2La première disposition relevant, en France, de la politique familiale semble être l’instauration, en 1860, d’un supplément familial de traitement au bénéfice des marins. Il s’agissait d’une indemnité de 10 centimes par jour et par enfant de moins de 10 ans, soit à peu près 5 % d’un salaire ouvrier journalier.
3Sous la IIIe République, des initiatives analogues furent prises dans le secteur privé dès 1884, puis, en 1891, incités par l’encyclique Rerum Novarum, des patrons chrétiens adoptèrent le sursalaire familial afin de permettre au travailleur de répondre au “devoir sacré” que la nature impose au père de famille “de nourrir et d’entretenir ses enfants”. La même année, Léon Harmel, patron d’une importante filature, innova en créant une “caisse de famille”, dont il confia la gestion à une commission ouvrière, pour attribuer des suppléments familiaux – en argent et en nature – à ses employés ayant des enfants à charge. À la veille de 1914, une quarantaine d’entreprises, en France, versaient des indemnités pour charges de famille. Dans les administrations d’État, le mouvement s’initia secteur par secteur et fut généralisé en 1911 par l’adoption d’une loi visant à généraliser et à augmenter la compensation des charges de famille dans la fonction publique. Les débats qui ont accompagné ce vote sont intéressants dans la mesure où ils révélaient déjà les positions actuellement exprimées en matière d’allocations familiales, du refus de principe fondé sur la conviction que chacun doit assumer la charge des enfants qu’il a engendrés jusqu’à la création d’un salaire familial soutenant ceux qui procréent et élèvent leurs enfants, en passant par toutes les variantes (conditions de ressources, prestations décroissantes en fonction du revenu…) qui interviennent dans la fixation de telles aides.
4Après 1918, les initiatives patronales se sont multipliées, et des caisses de compensation privées, rendues obligatoires pour tout employeur en 1932, se mirent en place pour mutualiser les contributions patronales aux charges de famille.

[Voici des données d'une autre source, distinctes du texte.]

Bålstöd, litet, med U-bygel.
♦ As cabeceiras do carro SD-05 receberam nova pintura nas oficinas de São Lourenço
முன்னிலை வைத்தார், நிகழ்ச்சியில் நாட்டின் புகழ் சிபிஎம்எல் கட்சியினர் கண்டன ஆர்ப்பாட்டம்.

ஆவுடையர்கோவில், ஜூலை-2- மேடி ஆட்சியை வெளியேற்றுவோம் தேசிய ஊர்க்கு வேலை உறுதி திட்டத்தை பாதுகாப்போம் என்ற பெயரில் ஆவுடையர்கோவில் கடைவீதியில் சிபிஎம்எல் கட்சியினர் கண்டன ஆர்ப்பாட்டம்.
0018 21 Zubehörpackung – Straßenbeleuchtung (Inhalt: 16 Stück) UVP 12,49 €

Les allocations familiales étaient nées.
5Le succès de la mesure conduisit à l’étendre aux agriculteurs par le décret-loi du 14 juin 1938, puis à augmenter sensiblement les prestations (décret-loi du 12 novembre 1938) en obligeant les caisses à s’aligner sur les plus généreuses d’entre elles.

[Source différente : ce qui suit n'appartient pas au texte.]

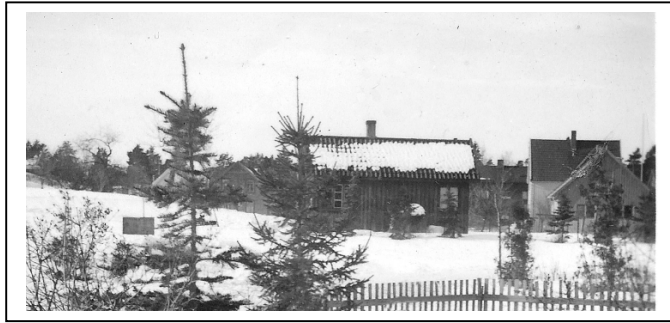
Kolsrud i 1950, huset til høyre ligger fortsatt ut mot Raschs vei.

6Les années de guerre et d’occupation ne présentent pas que des aspects négatifs sur le plan de la politique familiale : c’est ainsi, par exemple, que les chômeurs obtinrent, en novembre 1940, le droit aux allocations familiales, réservées aux travailleurs, et, en 1941, les assurés sociaux malades, puis, en 1942, les veuves bénéficièrent du maintien des prestations.